Sizing ANDREA-120M's Optimizer State
Twenty-Five Activities
Two Halves
This course splits cleanly. The first half covers what microGPT taught the field: a transformer that runs on one GPU. The second half covers ANDREA's actual contribution: a curriculum that learns.
Half 1: A Transformer on One GPU (activities 2-13)
| # | Activity | Beat |
|---|---|---|
| 2 | Harris morpheme tokenizer | distributional segmentation, 256+N+1 vocab |
| 3 | Tokenizer-diet alignment | saturation point, why 12M wasted 63.6% |
| 4 | Embeddings & position | learned token + position lookup |
| 5 | Scaled dot-product attention | Q·Kᵀ/√d, causal mask, softmax |
| 6 | Multi-head attention | head splits, parallel projections |
| 7 | Transformer block | MLP, residuals, layer norm |
| 8 | Cross-entropy & perplexity | log-likelihood, SMMA loss |
| 9 | Backprop in custom CUDA | chain rule across microgpt_cuda.cu |
| 10 | AdamW | decoupled weight decay; why vanilla Adam died |
| 11 | LR warmup + cosine decay | 2000-step ramp; why instant peak destroys 120M |
| 12 | Gradient clipping | global L2 norm; 3 CUDA kernels |
| 13 | FP32 / FP16 / FP8 E4M3 | precision tradeoffs; tensor cores |
Half 2: A Curriculum That Learns (activities 14-24)
| # | Activity | Beat |
|---|---|---|
| 14 | Multi-armed bandits | UCB1, exploration vs exploitation |
| 15 | Phase-based dice control | 7/14/21/28/42 phases, 1d3/1d4 dice |
| 16 | Reward attribution & EMA | per-source loss EMA, 1000× scaling |
| 17 | Source floors & epoch penalty | 1/(1+epochs) prevents memorization |
| 18 | Coverage bonus | doc-level tracking, 1.3× freshness |
| 19 | Curriculum warmup | 7 chat/prose sources first 20K steps |
| 20 | Filtering by shape, not chars | has_system_prompt_shape() |
| 21 | Coherence-gated early stopping | bigram/trigram/word/char auto-halt |
| 22 | Checkpoint, resume, signals | format, SIGTERM/SIGUSR1, loss.json continuity |
| 23 | Sample audit & external grading | reading a run, 9.5/10 territory |
| 24 | From microGPT to ANDREA-120M | v1 collapse, v2 fixes, v2.5 patch, v3 polish |
Plus a companion: geometry_of_andrea views every layer as geometry (embedding space, attention as projection, loss surface, bandit as a walk on a discrete simplex).
Suggested Order
Activities 2-13 build a working transformer.
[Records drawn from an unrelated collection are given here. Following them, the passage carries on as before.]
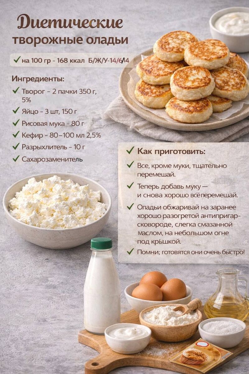 Диетические творожные оладьи, быстро, просто и очень вкусно 😋
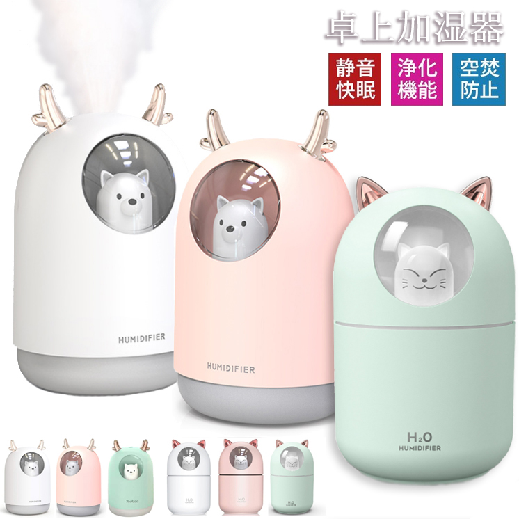 お部屋、オフィスを潤し、空気の乾燥から守ります。空気の浄化、静電気の防止、静音、風邪、病気も抑制できる小型加湿器です。
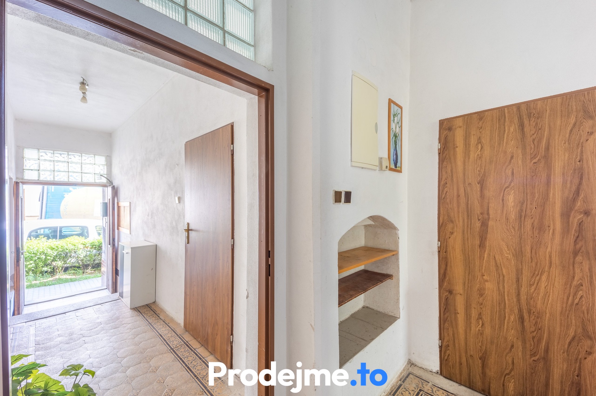Připravena k celkové rekonstrukci s plochou 28 m2. Jde o původní prostory garáže, kde v rámci výstavby bytové jednotky došlo ke zvýšení podlahy a současně má platné povolení k náhradě garážových vrat za okno. V budoucnu může mít obývací pokoj, jídelnu s kuchyňským koutem a koupelnu s toaletou.
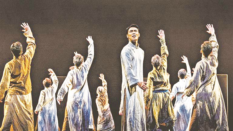 作品中段,多松年牺牲后的场景尤为典型,领舞赵磊在前方小幅度摆动肩膀,身后群舞逐渐以相同动作显现,在倒下的同时被身边的伙伴扶起,这一编排不仅隐喻革命事业前赴后继的精神,也通过肢体语言实现了历史与当代的对话。
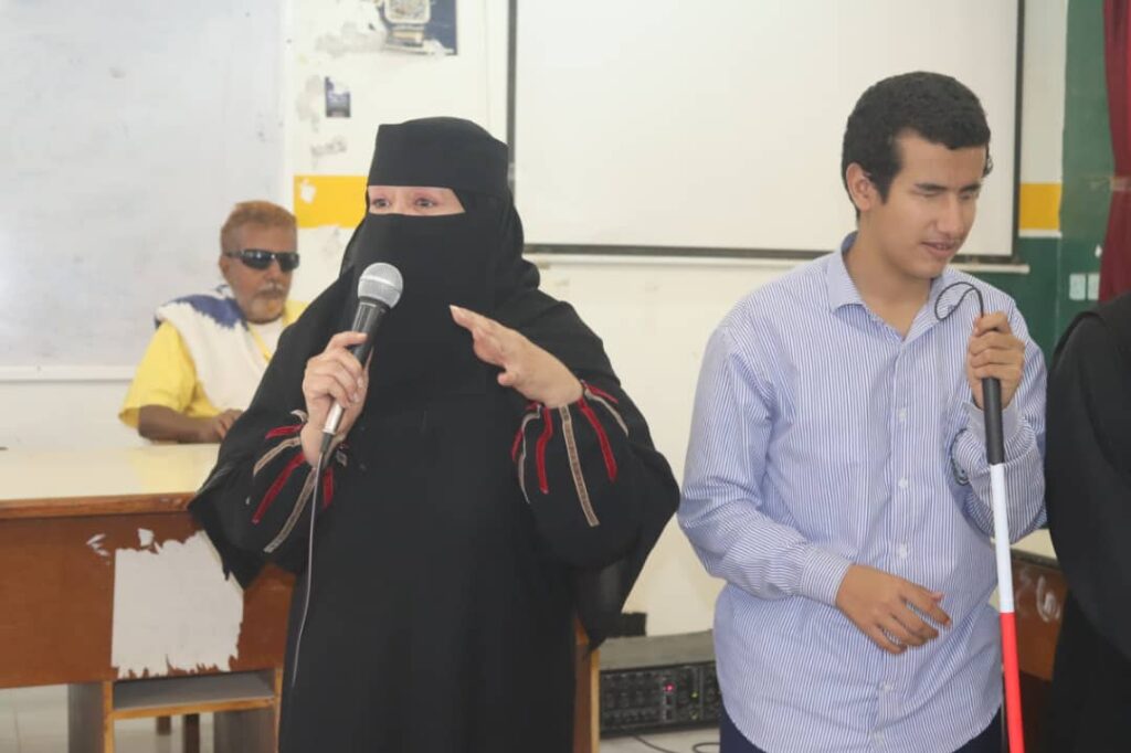وخلال الندوة التي حضرها طلاب وطالبات كلية التربية صبر قدم أعضاء جمعية المكفوفين شرحا توضيحيا حول العصا البيضاء التي يستخدمها الكفيف كنوع من المساعدة في المشي بالطرقات وأهميتها ، كما تم إعطاء نبده عن عمل وخدمات الجمعية التي تقدمها لفئة المكفوفين ومنها الخدمة التعليمية ، إلى جانب ذلك شهدت الندوة قدمت أحد كفيفات الجمعية ” سناء دهمس ” تجربتها في خوضها التعليم الجامعي وتخرجها من كلية المجتمع بعدن وأخذها دورات لغة وحاليا في إطار أن تناقش رسالتها بالماجستير في شهر ديسمبر القادم 2025 .

Skip ahead to half 2 if you've trained transformers before; come back when curiosity strikes.
Each activity stands alone where possible. Math beats reference earlier activities by name (see activity 5: scaled dot-product attention). Code references point at microgpt/microgpt_cuda.cu & microgpt/training_proxy.py in ~/git/uncloseai-cli/.